Exercise description: Going through the material below, output exactly the lines from the one containing "Your Samsung French" through the one containing "캄보디아에서 일할 직원을 찾", and no pictures.

Data extracts:
◇ ◇ ◇ ◇

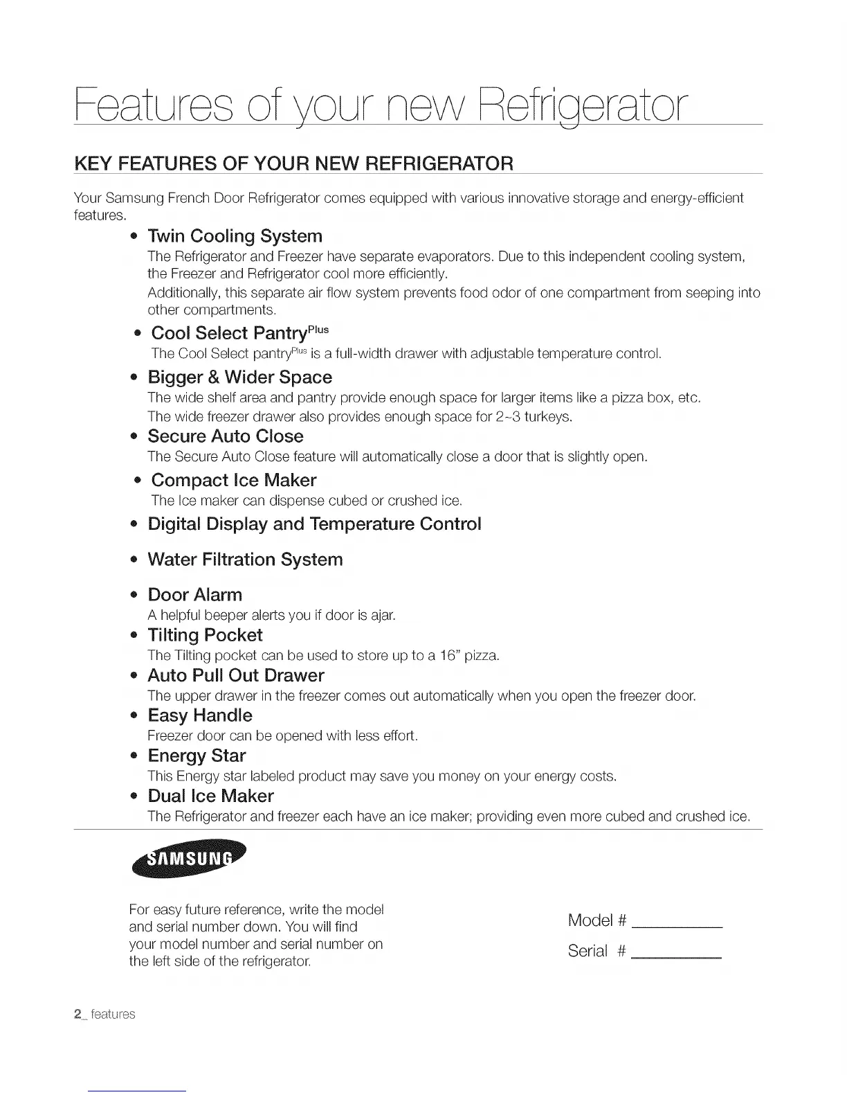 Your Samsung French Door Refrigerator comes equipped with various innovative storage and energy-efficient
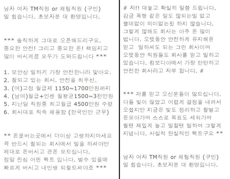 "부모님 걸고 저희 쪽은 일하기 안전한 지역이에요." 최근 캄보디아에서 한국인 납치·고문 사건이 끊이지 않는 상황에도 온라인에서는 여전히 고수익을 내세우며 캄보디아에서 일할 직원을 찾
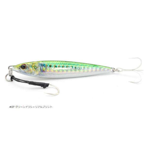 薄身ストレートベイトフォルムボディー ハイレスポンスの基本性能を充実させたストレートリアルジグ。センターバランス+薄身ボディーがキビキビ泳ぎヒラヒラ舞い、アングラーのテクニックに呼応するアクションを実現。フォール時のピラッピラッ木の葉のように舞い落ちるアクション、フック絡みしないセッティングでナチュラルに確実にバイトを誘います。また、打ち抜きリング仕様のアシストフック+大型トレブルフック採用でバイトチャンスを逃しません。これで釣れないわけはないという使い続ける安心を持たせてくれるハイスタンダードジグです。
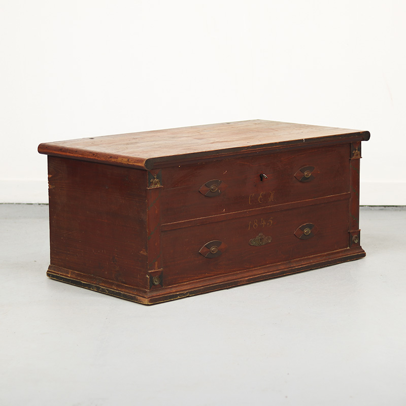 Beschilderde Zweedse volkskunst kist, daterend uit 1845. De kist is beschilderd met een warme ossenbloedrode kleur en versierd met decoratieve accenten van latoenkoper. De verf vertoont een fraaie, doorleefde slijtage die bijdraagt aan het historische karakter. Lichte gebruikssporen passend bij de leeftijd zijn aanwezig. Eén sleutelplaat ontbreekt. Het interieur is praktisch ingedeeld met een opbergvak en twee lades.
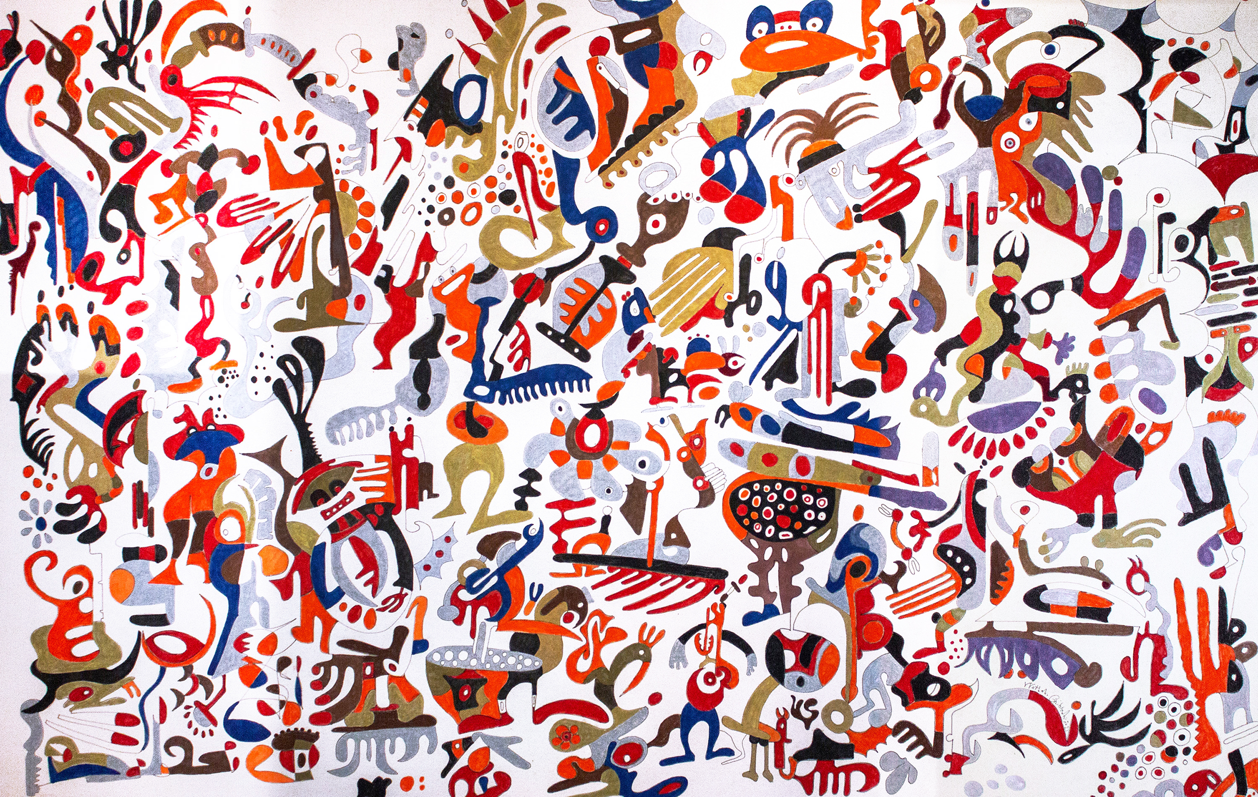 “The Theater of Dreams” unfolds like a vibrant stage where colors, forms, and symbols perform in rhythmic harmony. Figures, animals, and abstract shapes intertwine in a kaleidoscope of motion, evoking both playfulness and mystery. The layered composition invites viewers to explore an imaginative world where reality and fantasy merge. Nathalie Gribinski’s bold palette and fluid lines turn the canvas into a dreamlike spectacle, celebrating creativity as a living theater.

◇ ◇ ◇ ◇

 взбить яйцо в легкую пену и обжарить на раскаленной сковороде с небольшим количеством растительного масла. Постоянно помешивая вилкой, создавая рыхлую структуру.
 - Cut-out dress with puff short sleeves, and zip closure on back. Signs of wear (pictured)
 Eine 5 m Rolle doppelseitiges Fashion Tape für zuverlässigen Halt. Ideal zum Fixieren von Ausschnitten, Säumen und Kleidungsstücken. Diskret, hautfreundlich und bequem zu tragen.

◇ ◇ ◇ ◇

Answer space:
 Your Samsung French Door Refrigerator comes equipped with various innovative storage and energy-efficient
 "부모님 걸고 저희 쪽은 일하기 안전한 지역이에요." 최근 캄보디아에서 한국인 납치·고문 사건이 끊이지 않는 상황에도 온라인에서는 여전히 고수익을 내세우며 캄보디아에서 일할 직원을 찾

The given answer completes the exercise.